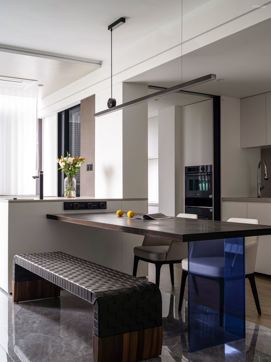 靠近沙发一侧设计条凳,方便反向落座与客厅沙发形成互动,轨道插座也为餐桌上的临时办公提供电源
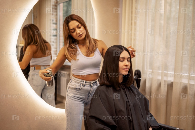 Женщина-парикмахер фиксирует волосы клиентки спреем и ухаживает за ней во время укладки прически
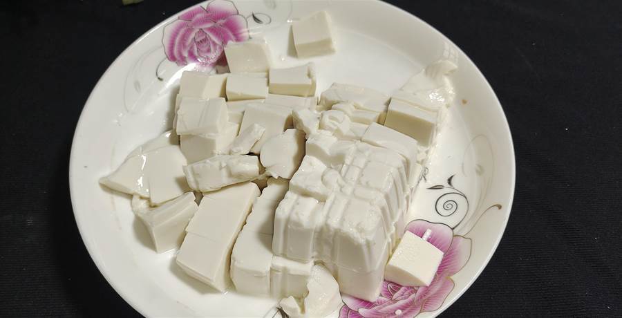 第二步:準備嫩豆腐一盒,取出后切成小塊,你也可以用老豆腐來制作,建議老豆腐煎一煎更好。除豆腐外還要準備海鮮菇一把,木耳泡發,青菜一把備用。

▸ Problem to solve: In your copy of the listing, please omit the pictures and keep every word exact.

▸ Result of the task:
 靠近沙发一侧设计条凳,方便反向落座与客厅沙发形成互动,轨道插座也为餐桌上的临时办公提供电源
 Женщина-парикмахер фиксирует волосы клиентки спреем и ухаживает за ней во время укладки прически
 第二步:準備嫩豆腐一盒,取出后切成小塊,你也可以用老豆腐來制作,建議老豆腐煎一煎更好。除豆腐外還要準備海鮮菇一把,木耳泡發,青菜一把備用。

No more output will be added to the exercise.